The hedge fund investors, known as short sellers, are betting against what they believe is a housing bubble in Vancouver, Toronto, Calgary and other Canadian cities. They believe Canadians hold too much mortgage debt, and that Canadian banks, mortgage insurers and “subprime” private lenders will lose money on unpaid loans when property prices fall.

“The cross currents are beyond crazy in Vancouver — it’s a mix of money laundering, speculation, low interest rates,” said Marc Cohodes, once called Wall Street’s highest-profile short-seller by The New York Times. “A house is something you live in, but in Vancouver you guys are trading them like the penny stocks on Howe Street.”

He says Vancouver real estate has reached peak insanity, and any number of factors could trigger a collapse.

Local real estate professionals predicted the U.S. investors are likely to lose their shirts betting against Vancouver property, which they described as a special market thriving on international demand.

But one Canadian housing analyst who advises U.S. clients, including Cohodes, said major investors are currently “building positions” against Canadian housing targets. They are forecasting a raise in historically low U.S. interest rates this fall will spill financial stress into Canada.

“All of the big global macro funds that were involved in betting against the U.S. in 2007 and 2008 and 2009, they’ve all studied Canadian housing for a few years,” said the Canadian analyst, who asked not to be named because of client confidentiality. “I know a number of them are shorting Canadian housing. It looks like an accident waiting to happen.”

This is although housing markets in Vancouver and Toronto have continued to rocket higher since international short-sellers started circling in 2013.

Short sellers use complex financial arrangements to make rapid profits when publicly traded stocks fall in value. In this case, they are betting against businesses connected to property and household debt. They are also betting against the Canadian dollar, because they believe it will decline significantly in a housing bust.

Most of these traders are employed by secretive New York investment funds that shy away from publicity, partly because they want to disguise how they lay their bets. A few though, like Cohodes, take the opposite approach.

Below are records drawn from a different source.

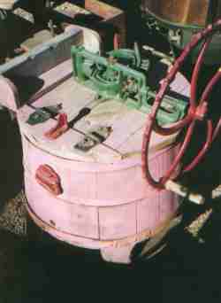 Dolly washer, wooden tub, hand operated, has double rack and pinion gears
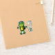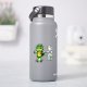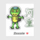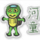 This cute sticker has Japanese calligraphy for the word 河童. It means kappa. Kappa are a type of youkai that resemble a turtle. Youkai are Japanese sprits known in Japanese folklore to do all sorts of mischievous things. Kappas live in the water and are known for their love of cucumbers. They appear in much Japanese media, including anime.
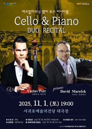 서귀포시는 11월 1일 오후 7시, 서귀포예술의전당 대극장에서 체코필하모닉오케스트라 멤버 '첼로·피아노 듀오 리사이틀'을 개최한다고 밝혔다.이번 공연은 제주도민과 관광객들에게 수준 높은 클래식 음악을 감상할 수 있는 기회를 제공하기 위해 마련됐다.또한 이번 리사이틀에는 체코 필하모닉 오케스트라의 최연소 수석 첼리스트 출신 바츨라프 페트르(Vaclav Petr)와 오케스트라 단장 겸 피아니스트 다비드 마레체크(David Marecek)가 출연한다.바츨라프 페트르는 프라하 봄 국제 콩쿠르 우승 등 세계 유수의 무대에서 활약한 첼리스트이
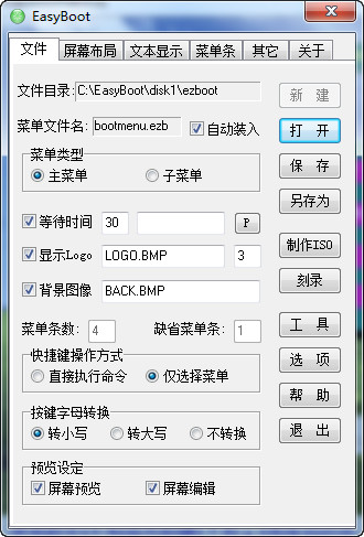 EasyBoot是一款集成化的中文启动光盘制作工具,它可以制作光盘启动菜单、自动生成启动文件、并生成可启动ISO文件。只要通过CD-R/W刻录软件即可制作完全属于自己的启动光盘。
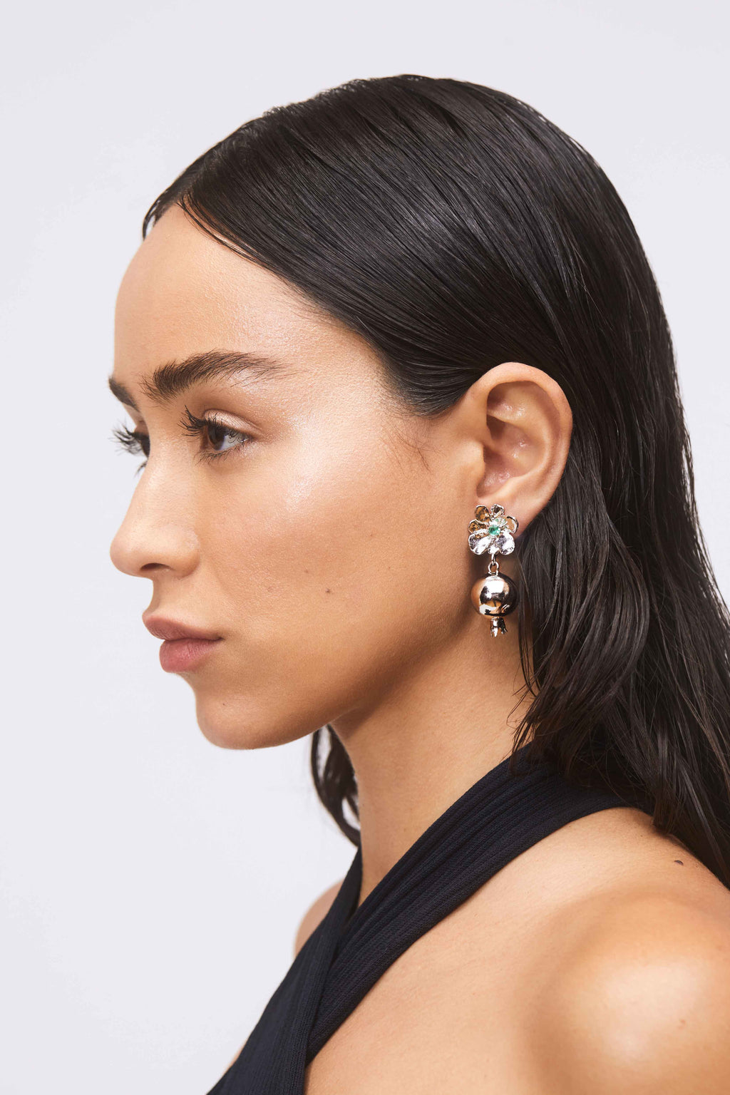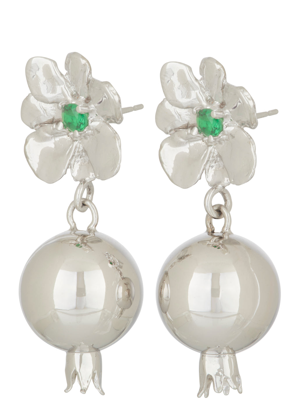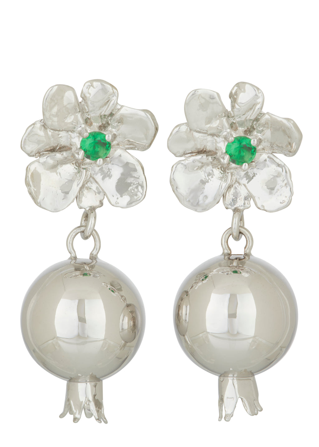 Pair of white bronze-plated earrings with flower, set glass stones, and hollow pomegranate drop.
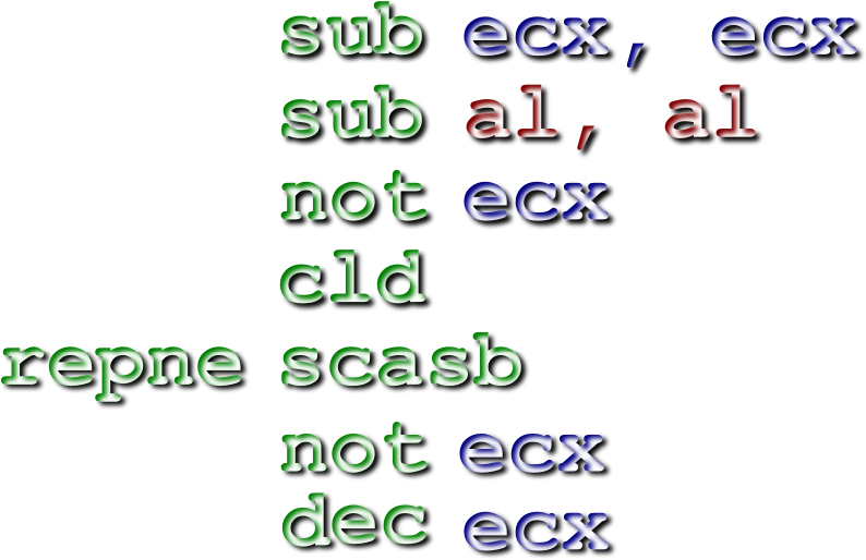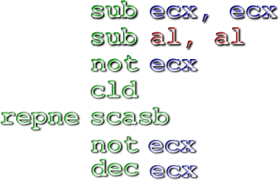 Assembly language code to find the length of a NUL-terminated string, which I posted on http://www.int80h.org/strlen/ (one of my many web sites) back in 2000, now turned into an SVG graphic. It expects ES:EDI/RDI to point at the start of the string. At the end, the length of the string, not counting the terminating NUL, is in ECX.
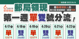 普發6千4/17開放郵局臨櫃領取 首周依身分證尾數分流
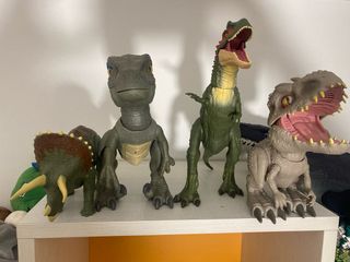 Conjunto de figuras de dinosaurios de juguete. - Figura de Triceratops. - Figura de Velociraptor. - Figura de Tiranosaurio Rex. - Figura de Indominus Rex. Dinosaurios originales de matel con huella para la aplicacion 10€ cada uno Pack 30€

He has come out of semi-retirement on his chicken farm in Northern California to make targeted bets against “subprime” Canadian lenders, who make loan to borrowers rejected by traditional banks.

The Canadian housing analyst noted short-selling bets against big Canadian banks have doubled in New York markets in the past several months. And the risk of a sharp housing correction connected to Canadians’ high household debt has risen since December, the Bank of Canada recently reported.

While short sellers point to Vancouver as the most extreme housing bubble in Canada, the analyst noted that some investors believe a massive flow of investment from Mainland China makes the market impervious to corrections.

Others speculate that if China’s economy slows dramatically, Vancouver housing will bust.

“Toronto sees some offshore money from China, but definitely Vancouver is in its own world,” the analyst said.

“Some of the guys that have timed this bet think that when China blows up Vancouver will blow up too, but I’m not sure that will happen.”

However, one of the world’s most influential investors — Laurence D. Fink, head of the world’s largest asset fund, BlackRock Inc. — recently declared Vancouver property is not only as good as gold, but better.

“The two greatest stores of wealth internationally today are contemporary art, and apartments in Manhattan, Vancouver and London,” he told a conference of investors in Singapore.

Jonathan Cooper of MacDonald Realty Vancouver says evidence is mounting the city is, in fact, a special market.

“It’s an increasingly internationally-focused market with demand not just from Asia, but increasingly from Americans too,” Cooper said. He added he understands short sellers are betting against Vancouver, but he believes the speculators will lose.